Not since Spyro Reignited Trilogy has a remake captured the look and feel of its predecessor so precisely. Resurrected’s commitment to recreating and modernizing the visual identity of the original is profound, almost to a fault. Perhaps the coolest feature in Resurrected is the ability to instantly switch back and forth between the original art and the remake art with the press of a button. I found myself toggling back and forth constantly as I explored the crypts and dungeons scattered throughout Sanctuary because I just couldn’t believe how eerily familiar everything looked exactly how I remembered. When we talk about a remake capturing the nostalgia of the original, there’s no better example than Resurrected.

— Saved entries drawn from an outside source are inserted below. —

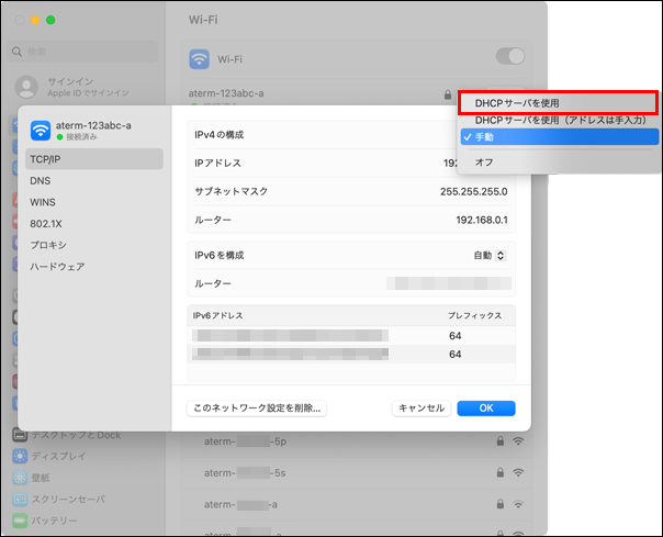 「IPv4の構成」で[DHCPサーバを使用]を選択してください。
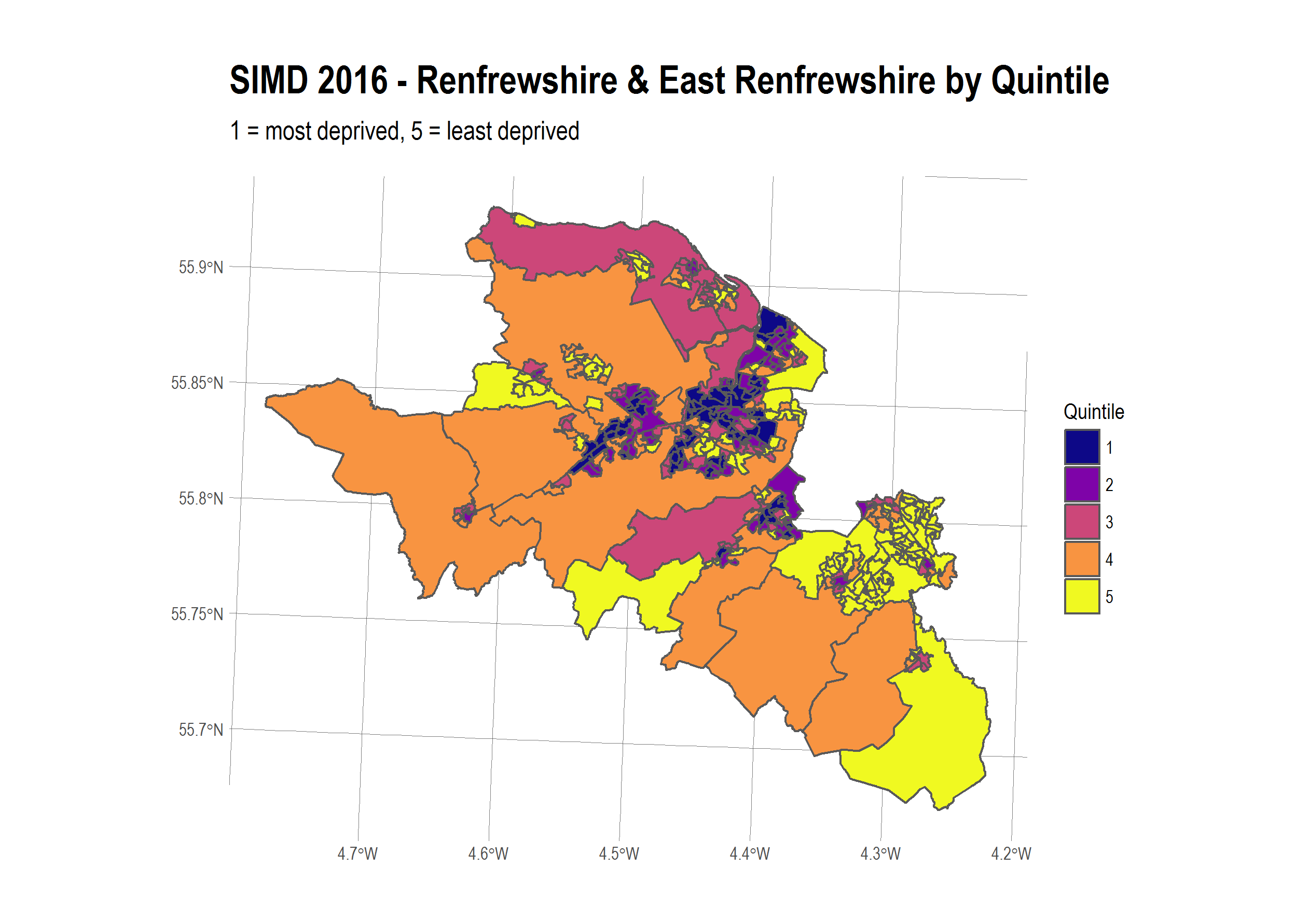 renfrew <- filter(scot,laname %in% c("East Renfrewshire","Renfrewshire")) ggplot(renfrew) + geom_sf(aes(fill = quintile)) + scale_fill_viridis("quintile", option = "C", guide = guide_legend(title = "Quintile")) + ggtitle("SIMD 2016 - Renfrewshire & East Renfrewshire by Quintile", subtitle = "1 = most deprived, 5 = least deprived") + theme_ipsum(base_size = 10) + facet_wrap( ~ laname) Here is the unfaceted version: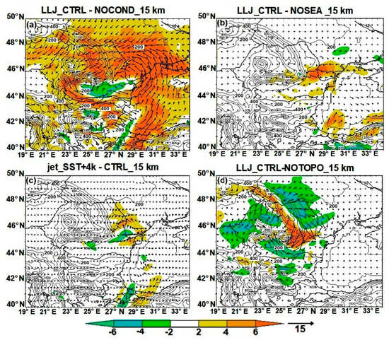 The role of the sea (CTRL-NOSEA experiment) can be seen in Figure 8d and Figure 10b. The main response comes from the breeze circulation that strengthens the IC-LLJ along and north of the Black Sea Romanian coast (Figure 8a vs. Figure 8d). The SST anomaly (SST + 4 k versus CTRL) influences are significant on the IC (warmer SST for both the Mediterranean and Black Sea creates stronger thermal coastal gradient), but this also strengthens the DC-LLJ (Figure 8e and Figure 10c) by a farther northward advancement, so it favors a more vertically developed ageostrophic circulation. The way in which local thermo-dynamics (circulation, thermal gradients) are driven by sea and SST is further discussed in the sub-Section 3.2.3.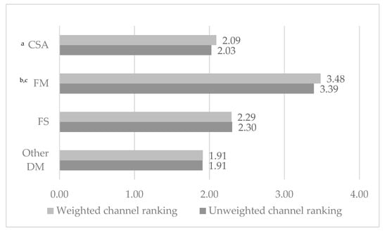 Evaluation of risk and reward of market channel engagement. Superscripts on the figure above denote statistical differences in means, where tests were based on pairwise comparisons. The codes defined in the footnote below indicate significant differences between direct market channels and are the findings from combinations of pairwise tests. a CSA and FM, b FM and FS, c FM and Other DM.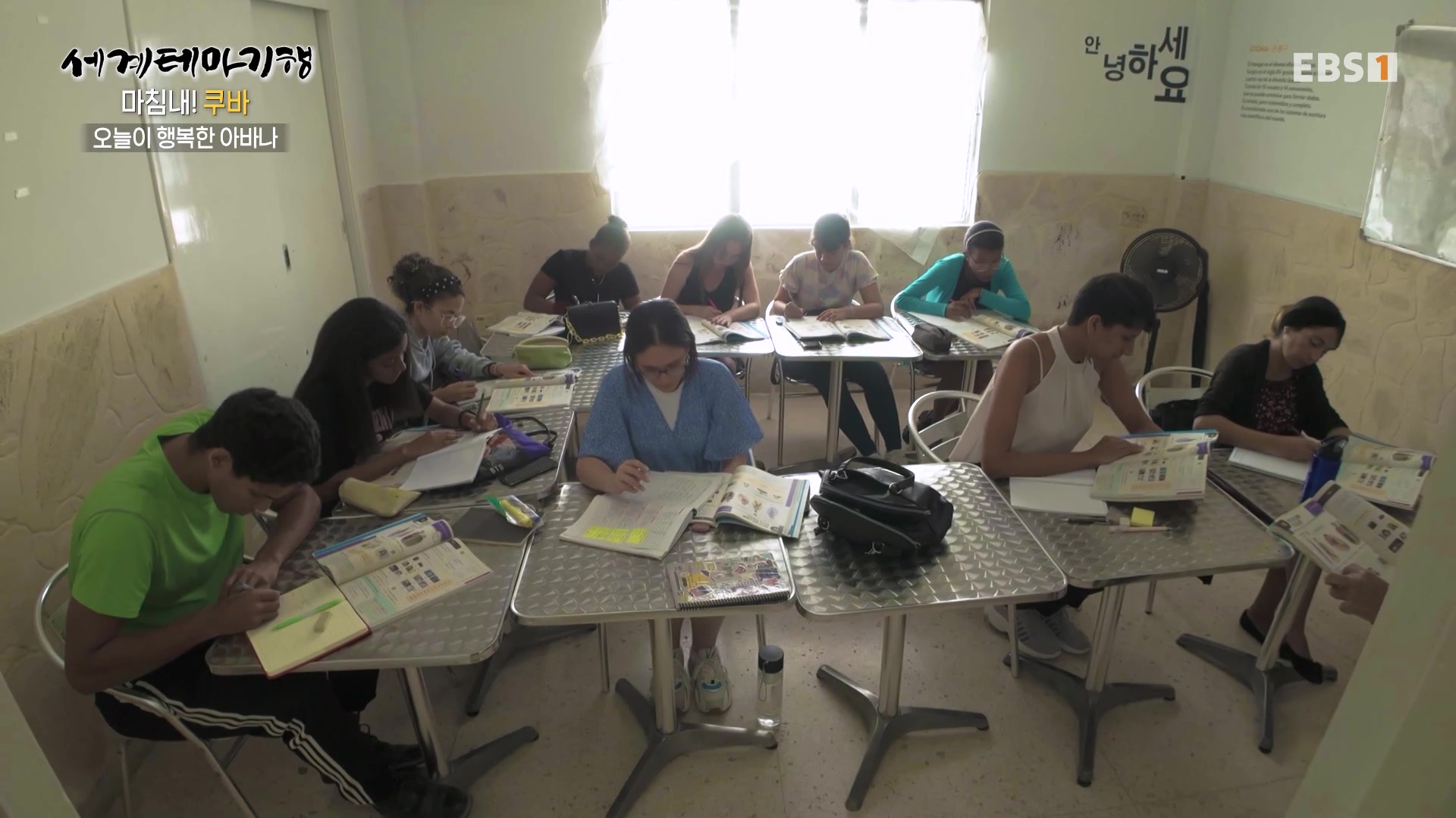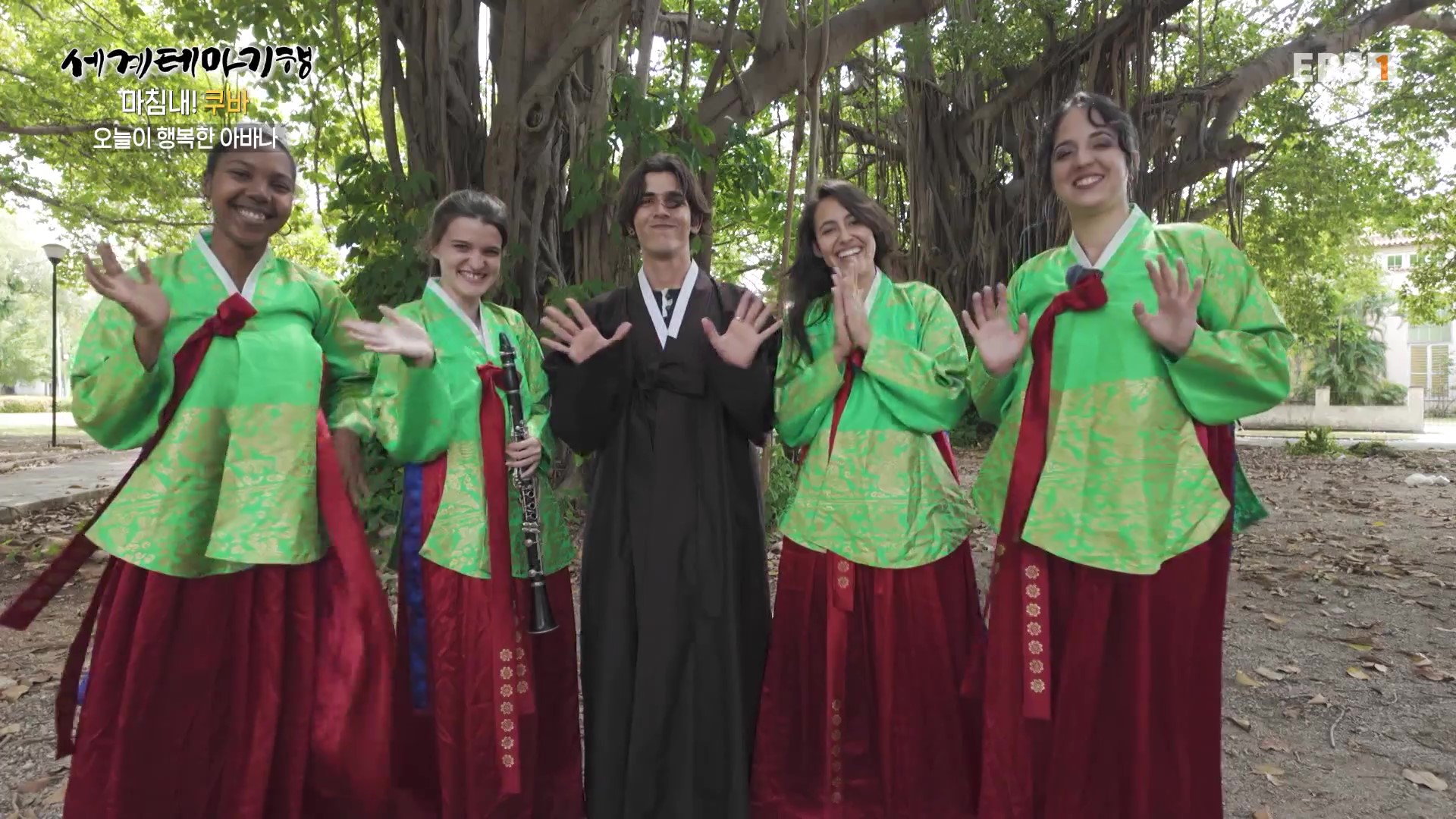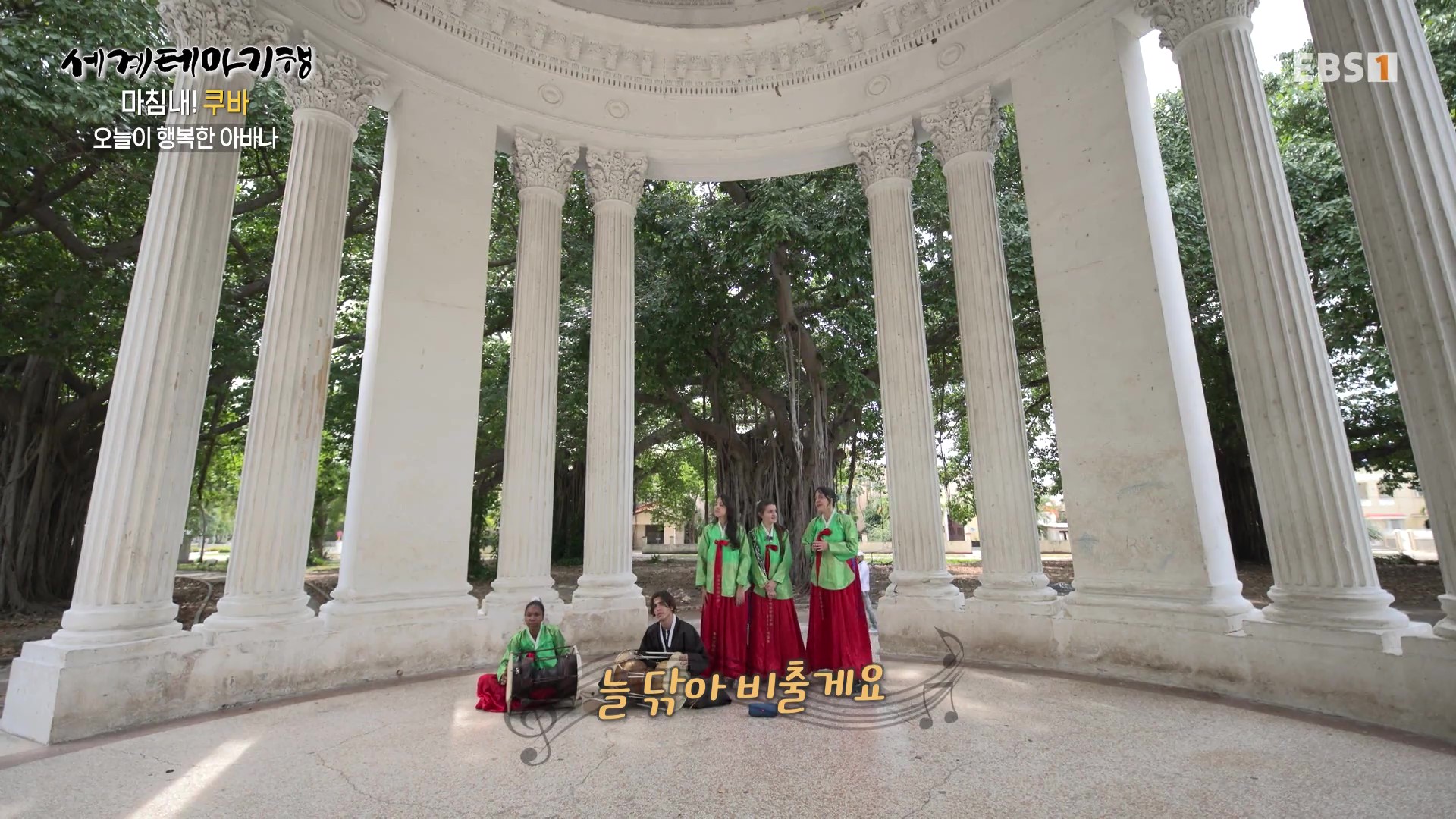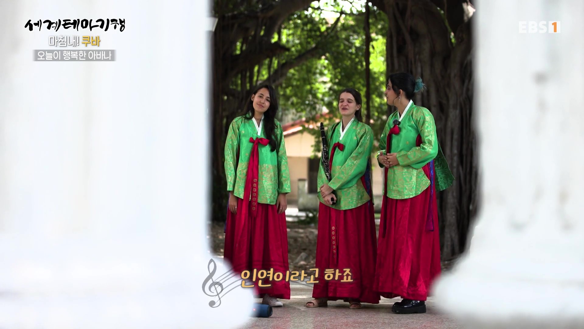수도 아바나 소재 쿠바한글학교는 지난 2월 한국-쿠바 수교이후 더욱 각광을 받는 곳입니다. 테마기행 해설자(안내자)인 정호현은 이곳 한글학교 교장입니다. 학생들은 쿠바인의 몸짓으로 아리랑을 부르네요. 학생들은 장구 치기도 좋아하는데 아리랑과 장구는 유튜브로 배웠다고 합니다. 2022년 문을 연 한글학교의 학생수는 120명으로 교사 5명은 현지인입니다. 학생들은 케이팝과 드라마에 빠져 스스로 한글공부를 했답니다. 독학으로 노래를 익혔다는 학생들은 한국방송사에서 촬영한다는 말에 한복을 곱게 차려입고 장구반주에 맞추어 가수 이선희의 “인연”을 멋지게 부릅니다.
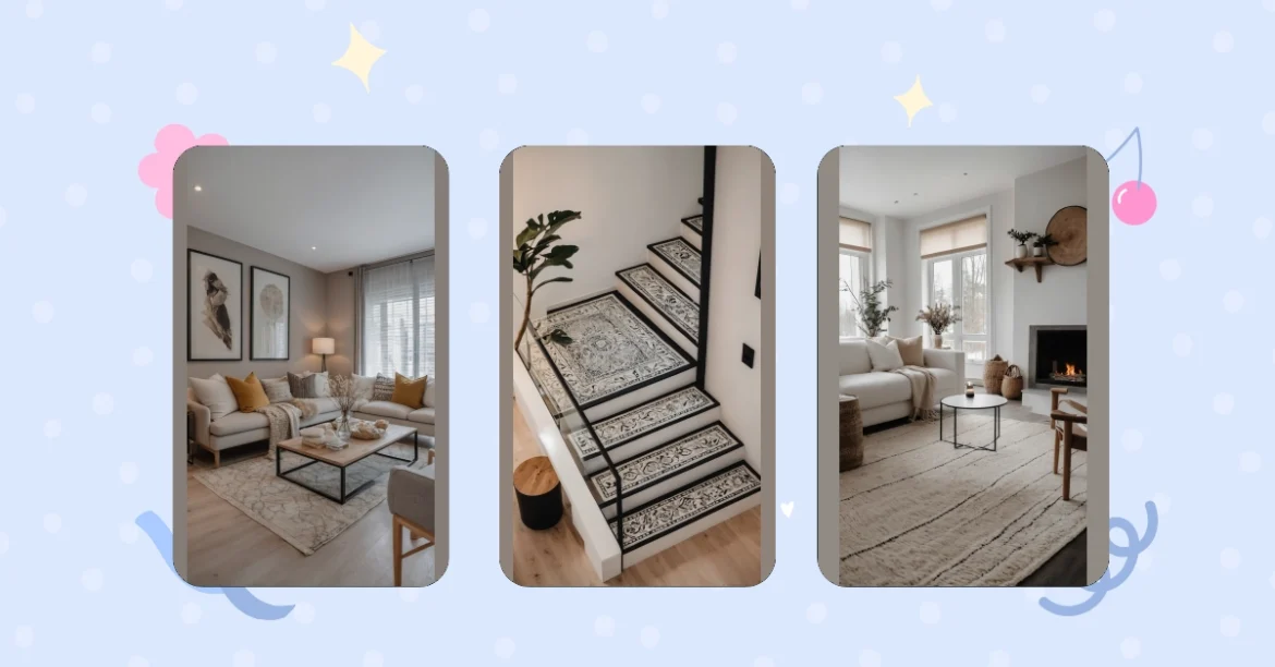 Honestly, this staircase is giving off major ‘I’m chic, but I’m also really good at making your house feel chill’ vibes. That massive green plant isn’t just there for decoration; it’s probably breathing extra oxygen to help you get up all those steps without getting winded. And check out the glass railing – super modern, but also handy for peeking down to see if your sibling stole the last snack. It’s the kind of spot where even doing chores like vacuuming the stairs feels less like a chore and more like a scenic tour through your surprisingly stylish Nordic-inspired home. Plus, those patterns? They’re practically begging you to take a cool photo for your Insta feed.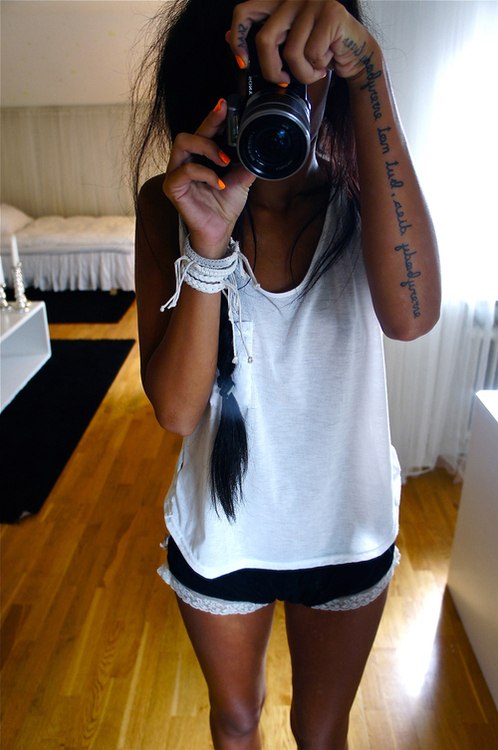 Девушка в белой майке и с татуировкой на руке стоит в своей комнате. У девушки загорелая нежная кожа и сейчас она пойдет на свидание. Ведь вечерами бывает очень скучно и прогуляться будет не лишним.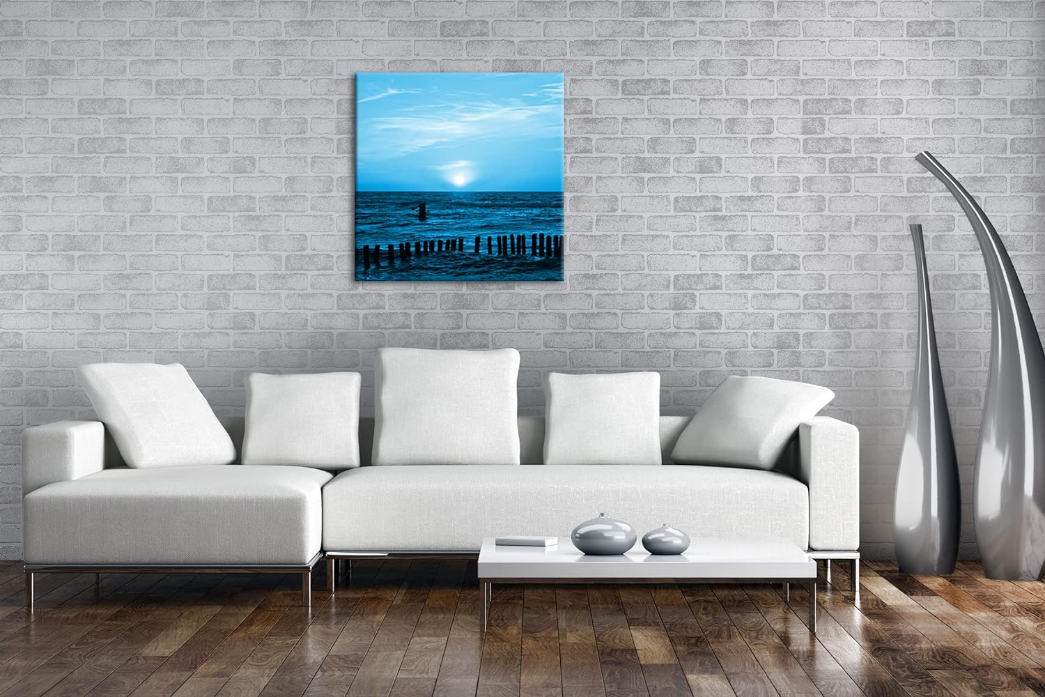 Sonnenuntergang an der Ostsee im Format: 60x60 Effekt: Zeichnung als Leinwandbild, Motiv auf Echthol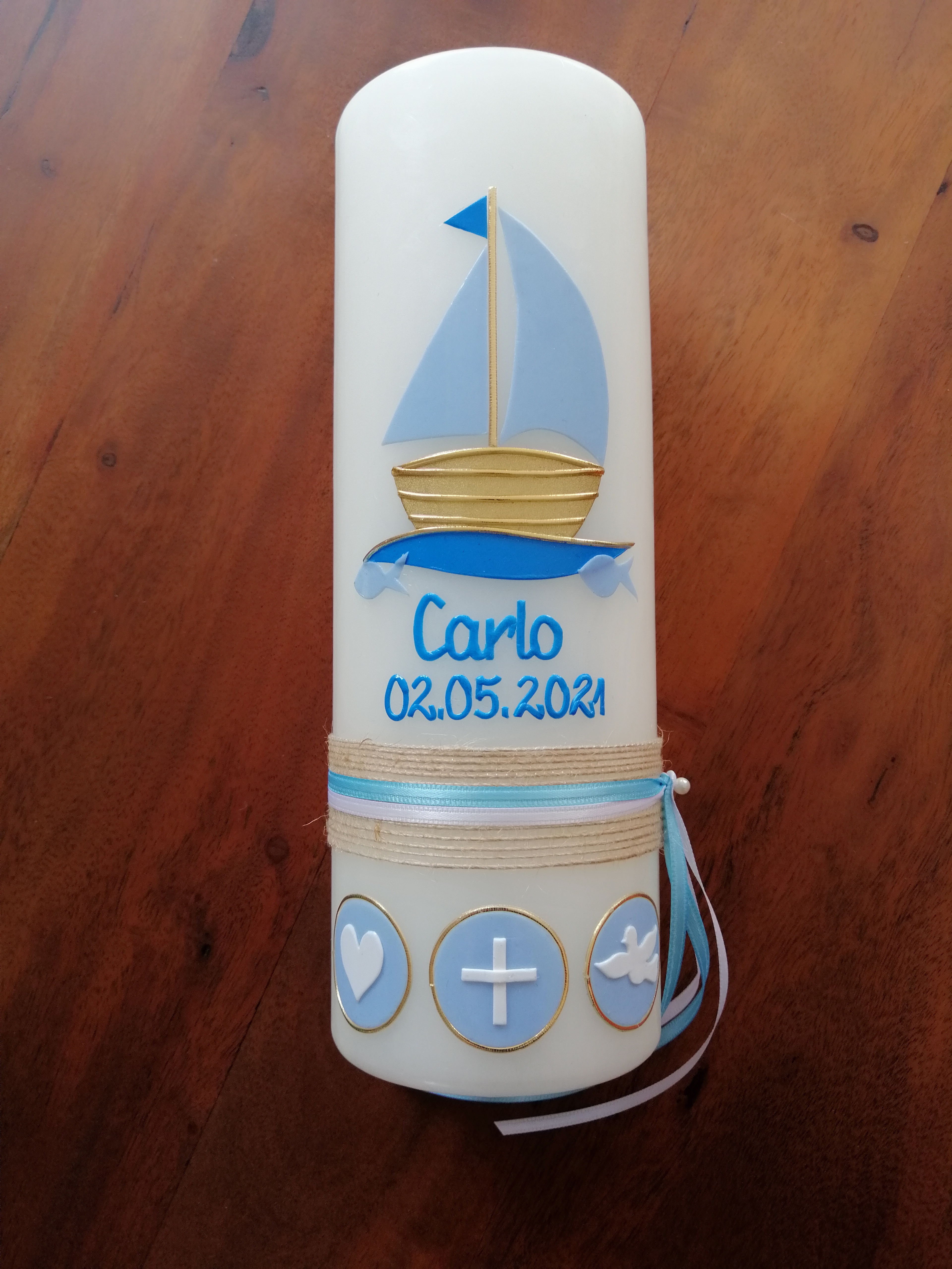 Auf Wunsch kann die Kerze individuell beschriftet werden.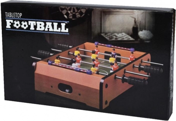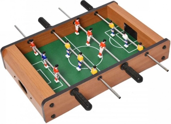 Deze kleinere tafelvoetbal is de ideale keuze voor alle voetballiefhebbers die thuis plezier willen hebben. Het is geconstrueerd van gekleurd en gelakt hout, wat zijn lange levensduur garandeert. Elk team heeft 6 spelers gepositioneerd op twee stangen die eenvoudig bediening en simulatie van een echte voetbalwedstrijd mogelijk maken.

But that verisimilitude also comes with some limitations. Companion characters still move with those jerky animations, day and night switch back and forth instantaneously when you move between areas, and a lot of the assets, particularly the inventory items, look especially flat compared to recent games. Resurrected is a modernized version of D2, but when placed side-by-side with Diablo 4 footage, it still looks decidedly dated.

Related: Diablo 3 Is Revamping Followers To Make Them Far More Useful

This is something of a recurring theme throughout Resurrected. While it goes to great lengths to update D2, it doesn’t always feel like it went far enough. On one hand, there are some great accessibility features in the remake for seeing and hearing impaired players like sound mixing customization, low vision mode, and colorblind mode (disabled during the alpha test). On the other hand, a lot of the game’s archaic systems and mechanics have been left intact. You can’t toggle on show items, for example, which means you have to constantly tap Alt to see the loot that has dropped. This makes it easy to accidentally miss items on the ground. You can toggle on Show Items in D3, so I’m surprised that isn’t a feature here.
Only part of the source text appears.